DATA SEGMENT ::
==========
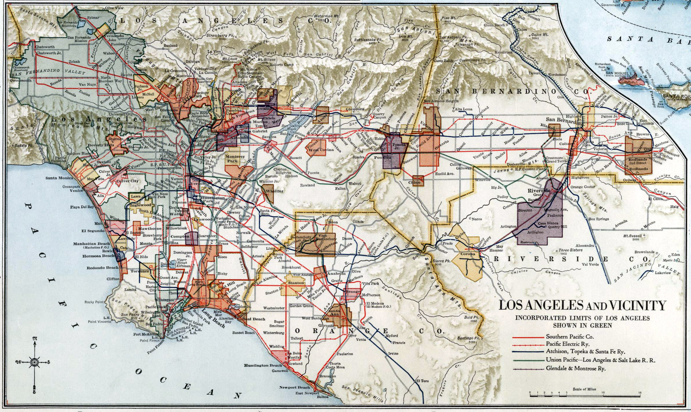 Click to enlarge. Arbuckle’s crew likely arrived by train. This 1926 railroad map shows the route from the studio in Long Beach, lower left, to the Arrowhead Resort, upper right. It seems like a long way to go for such simple scenes. David Rumsey.
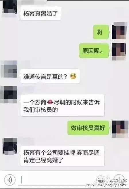 月初一则疑似券商的爆料对话,再度传出杨幂离婚
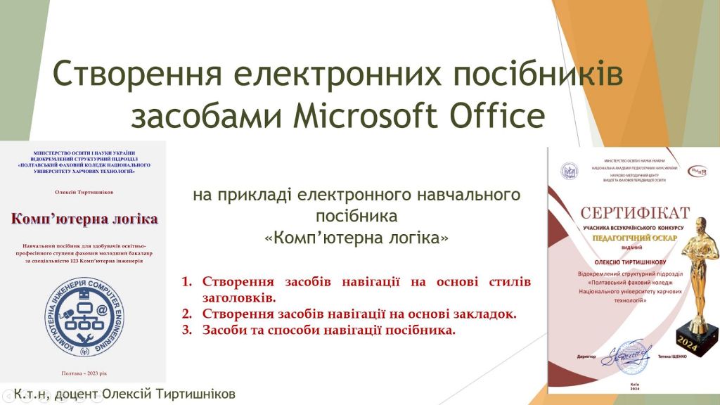14.01.2026 викладач фахових дисциплін, к.т.н., доцент Олексій Тиртишніков провів для викладачів коледжу методичний семінар «Створення електронних посібників засобами Microsoft Office».
==========
WHAT YOU WILL DO ::
Pictures stay out; everything else in the listing above is to be repeated exactly.

FINAL ANSWER ::
 Click to enlarge. Arbuckle’s crew likely arrived by train. This 1926 railroad map shows the route from the studio in Long Beach, lower left, to the Arrowhead Resort, upper right. It seems like a long way to go for such simple scenes. David Rumsey.
 月初一则疑似券商的爆料对话,再度传出杨幂离婚
14.01.2026 викладач фахових дисциплін, к.т.н., доцент Олексій Тиртишніков провів для викладачів коледжу методичний семінар «Створення електронних посібників засобами Microsoft Office».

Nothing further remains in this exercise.